The story focuses on Cal (Steve Carell), a middle-aged man who finds himself in a marital crisis after his wife, Emily (Julianne Moore), confesses to an affair and suggests they divorce. Consoling himself at a hip, upscale bar, Cal meets Jacob (Ryan Gosling), a young Don Juan type, who pledges to help Cal “reclaim his manhood” and forget about Emily. All initially goes according to the plan until Cal grows to miss his family, and Jacob questions his own philandering after falling in love.

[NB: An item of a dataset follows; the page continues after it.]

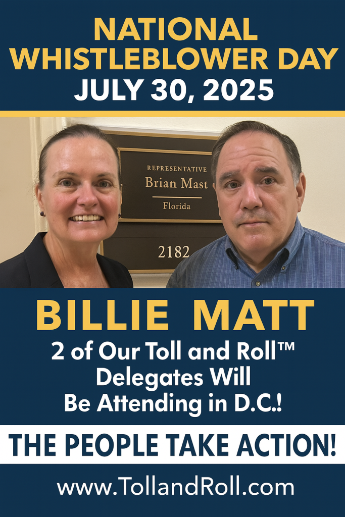 Our Delegates: Toll and Roll TM Co-Founders are John Bloom and Billie Powers, and their DC Delegate team includes: Tom Kibler, Matt Skarlatos, Rod Class, Tea Hogan, Irene Reichenbach, Kathleen Arthur and Kirk Pendergrass. The team with millions of victims, thousands of advocates and hundreds of whistleblowers and all the People behind them!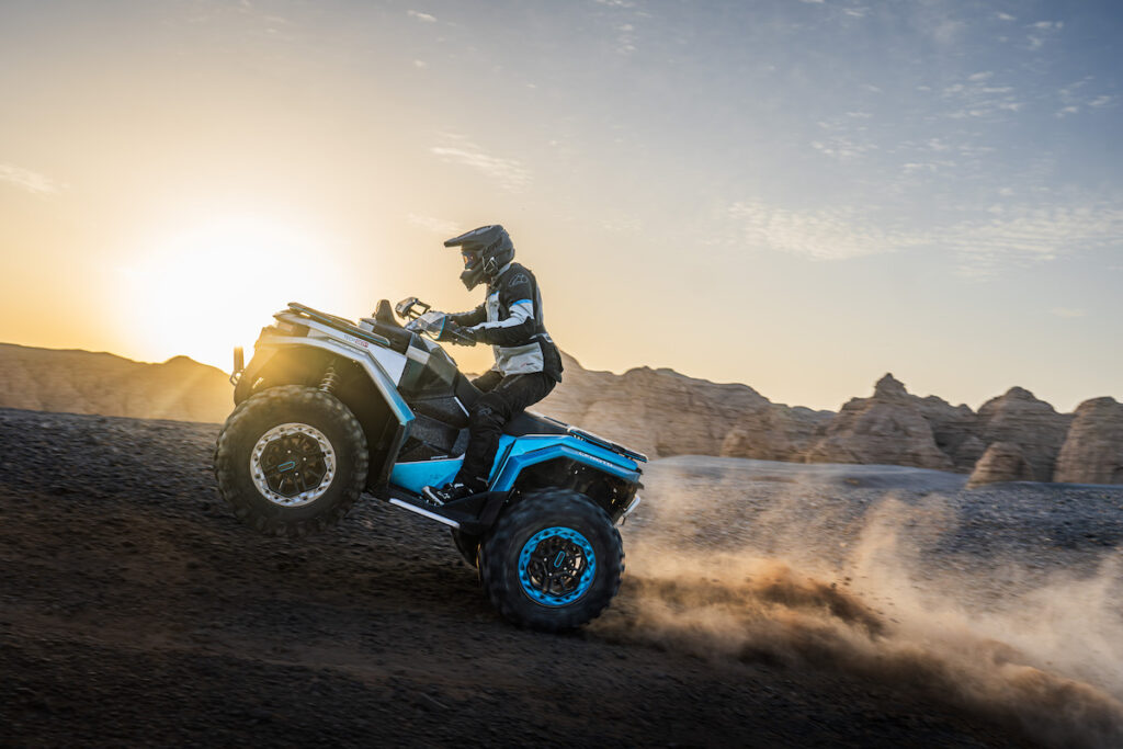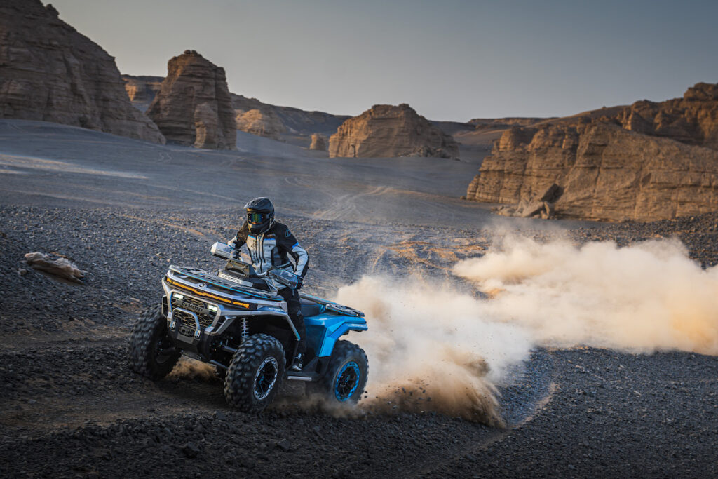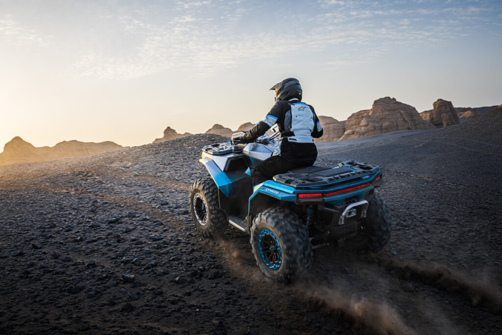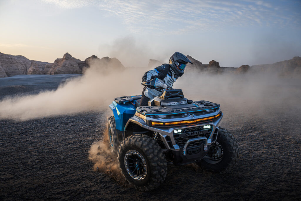 U čtyřkolek a zejména těch dlouhých bývá problém poloměr otáčení, neboli rejd. CFMOTO vyřešilo poloměr zatáčení technologií, která tu ještě nebyla a to aktivním řízením zadní nápravy. Kola se tak hydraulicky natáčí společně s těmi předními. K tomu jsou tu i aktivní brzdy, které umí přibrzďovat vnitřní kola a tím ještě snížit poloměr zatáčení!

From the start of the film, it is never in doubt that Cal and Emily will get back together. Nobody goes to see a romantic comedy starring Steve Carell and Julianne Moore for a sad ending. But even though the film does just about everything you would expect and ends up exactly where you knew it would, it is entertaining (and even touching) every step of the way. It is a credit to the screenplay’s well-drawn characters and the endearing performances of the cast. (Seriously, Steve Carell could float a movie on his likability.)

“Crazy, Stupid, Love” serves as a nice, humanistic palate cleanser in a summer chock-full of super heroes, boy wizards and gross-out movies. And while it may not offer anything particularly unique or exciting, it is at least nice to take a break from explosions and CGI to see a relatively simple movie about people being people.